---------- Input for this task ----------

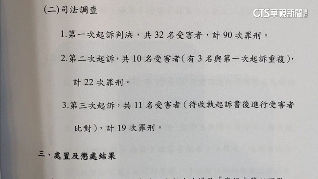 台中市議員(民)張家銨:「局長掌握的卻只有43人,其他的孩子呢,其他的孩子不需要諮商,不需要輔導,不需要後續的諮商引進嗎。」面對質疑台中市長盧秀燕,親上火線澄清,案件進入司法調查,但在第一波以及第二波起訴,受害學童有重複,因此確切受害人數量還有待釐清。
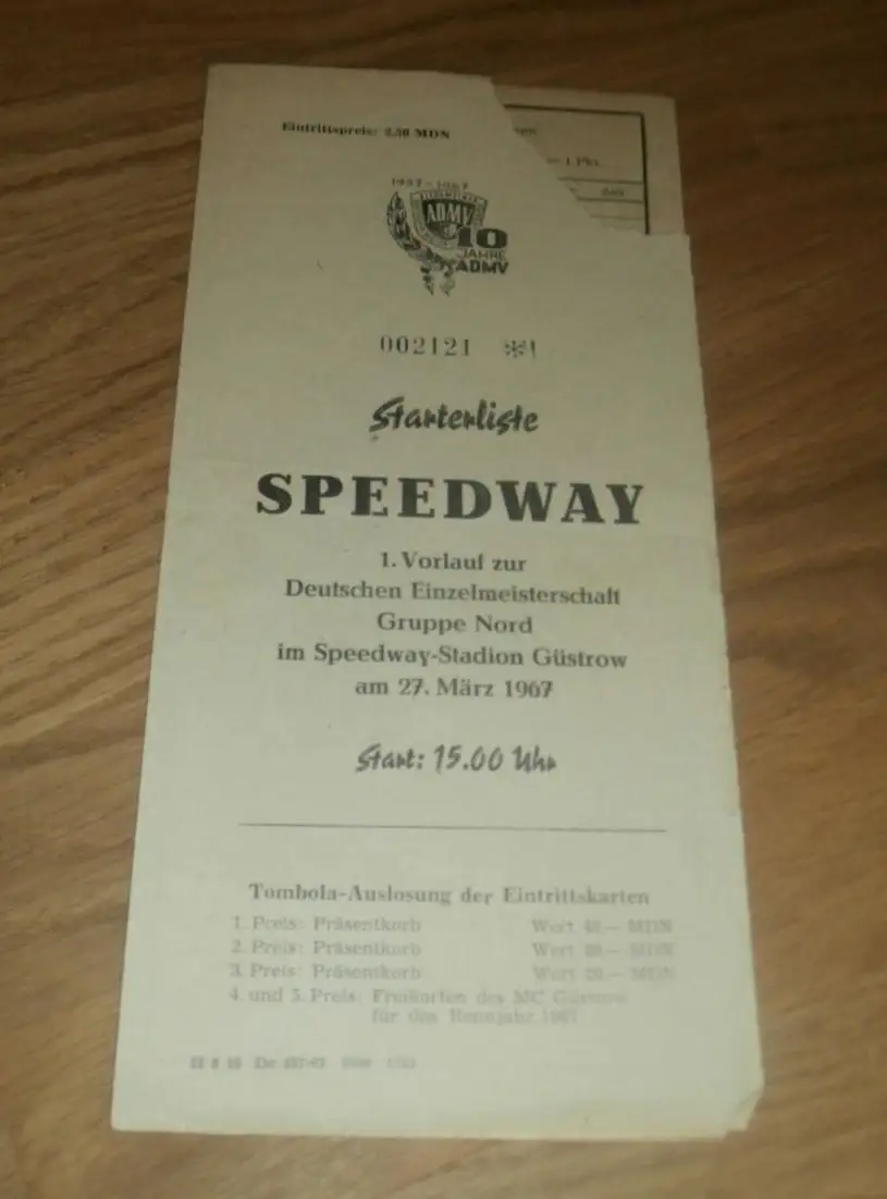 Speedway Güstrow 27.3.1967 , Deutsche Meisterschaft , Programmheft / Programm / Rennprogramm , program !!!
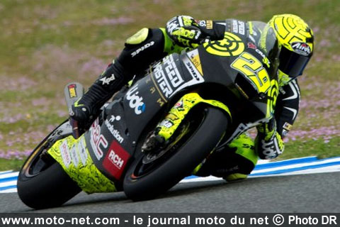 Randy de Puniet et Valentino Rossi ont un retard conséquent sur le chrono de référence (0.831 sec pour Randy et 0.958 sec pour Rossi) et devront trouver de la vitesse pour tenter de donner la réplique aux hommes de tête cet après-midi lors de la séance de qualifications (lire le programme du GP d'Espagne ci-contre).
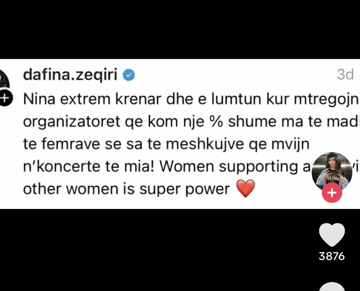 Ditë më parë ishte Dafina ajo që ka shkruar një status, duke thënë se ndihet krenare që në koncertet e saja ka më shumë femra.
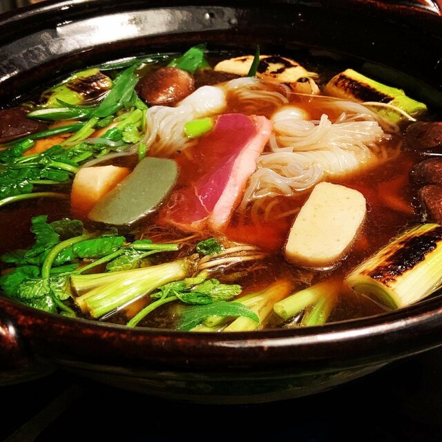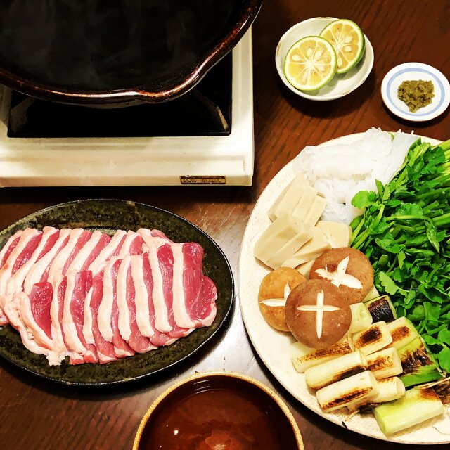 たっぷりのだし汁にみりんと醤油で薄めの蕎麦つゆを作っておき、鴨肉をさっとくぐらせて、柚子胡椒や黒七味で味変しながらいただけばいくらでも食べられます。周りをさっと焼き付けた長ネギとシャキシャキとした根っこが美味しい芹、ふわふわの生麩もこの鍋を美味しく食べるための大切な脇役です。
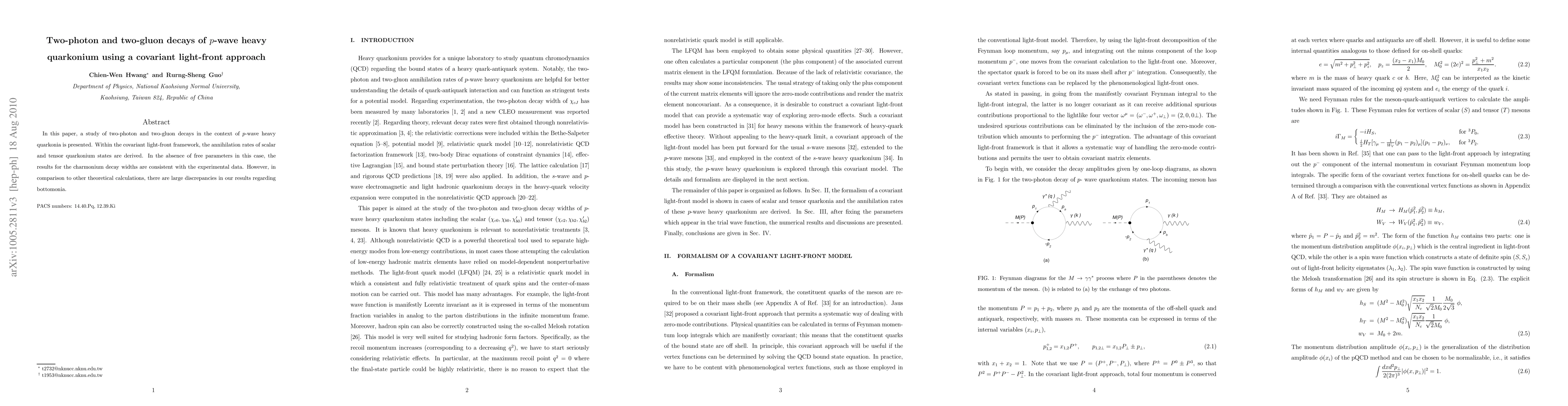 This paper explores two-photon and two-gluon decays of p-wave heavy quarkonium using a covariant light-front approach, deriving annihilation rates for charmonium and bottomonium states. While charmonium decay widths align with experimental data, discrepancies arise in bottomonium results compared to other theoretical calculations.
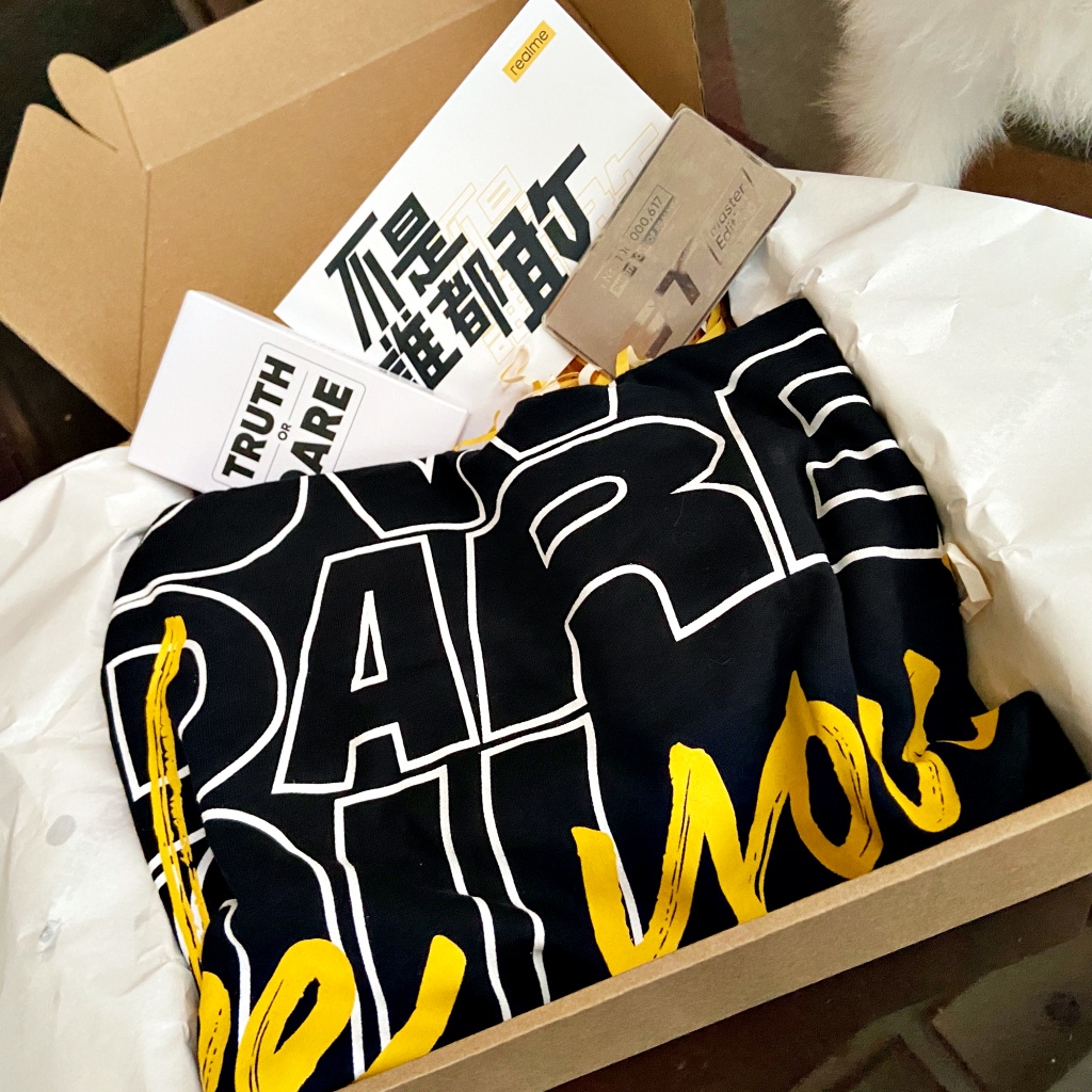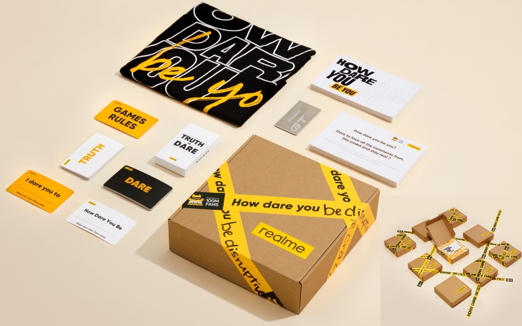 realm狂歡年度盛會粉絲節,推出限量禮盒Dare Box意謂掙脫外在束縛,透過撕除盒裝的挑釁膠帶,象徵擺脫外界質疑的糾纏,充滿儀式感的開箱過程將勇氣轉化為具體行動,再穿上限定版How Dare YouT恤,與realme一起大膽挑戰世俗規範,直球對決外界負面抨擊,無懼前行。
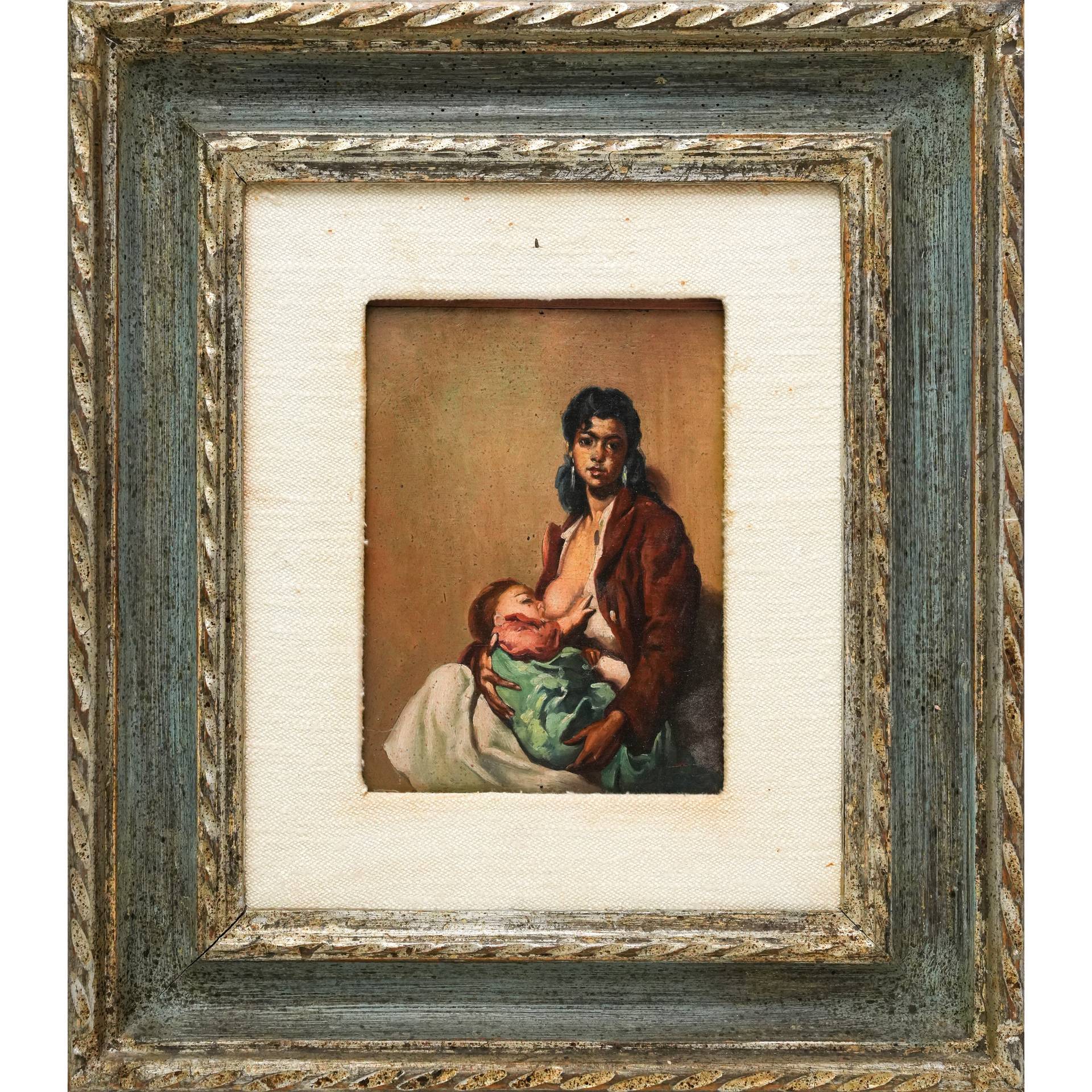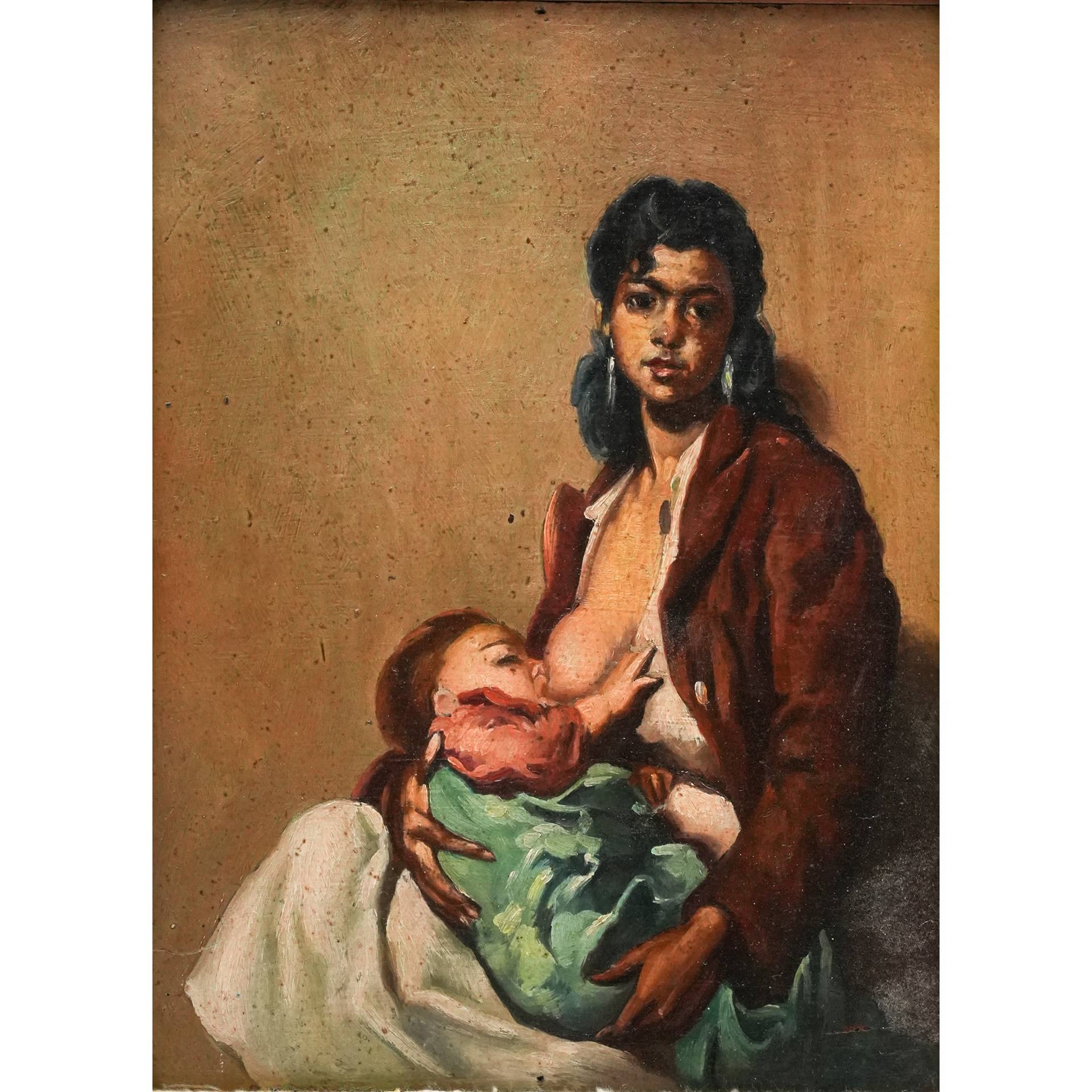 Maternita', Primi 20° Secolo H cm 19,5x15,5 - in cornice H cm 40,5x36 olio su tavola

----------

Required action | Exactly reproduce the run of lines from the start of the listing through the line with "Ditë më parë", inclusive; pictures are not copied.

Response area |
 台中市議員(民)張家銨:「局長掌握的卻只有43人,其他的孩子呢,其他的孩子不需要諮商,不需要輔導,不需要後續的諮商引進嗎。」面對質疑台中市長盧秀燕,親上火線澄清,案件進入司法調查,但在第一波以及第二波起訴,受害學童有重複,因此確切受害人數量還有待釐清。
 Speedway Güstrow 27.3.1967 , Deutsche Meisterschaft , Programmheft / Programm / Rennprogramm , program !!!
 Randy de Puniet et Valentino Rossi ont un retard conséquent sur le chrono de référence (0.831 sec pour Randy et 0.958 sec pour Rossi) et devront trouver de la vitesse pour tenter de donner la réplique aux hommes de tête cet après-midi lors de la séance de qualifications (lire le programme du GP d'Espagne ci-contre).
 Ditë më parë ishte Dafina ajo që ka shkruar një status, duke thënë se ndihet krenare që në koncertet e saja ka më shumë femra.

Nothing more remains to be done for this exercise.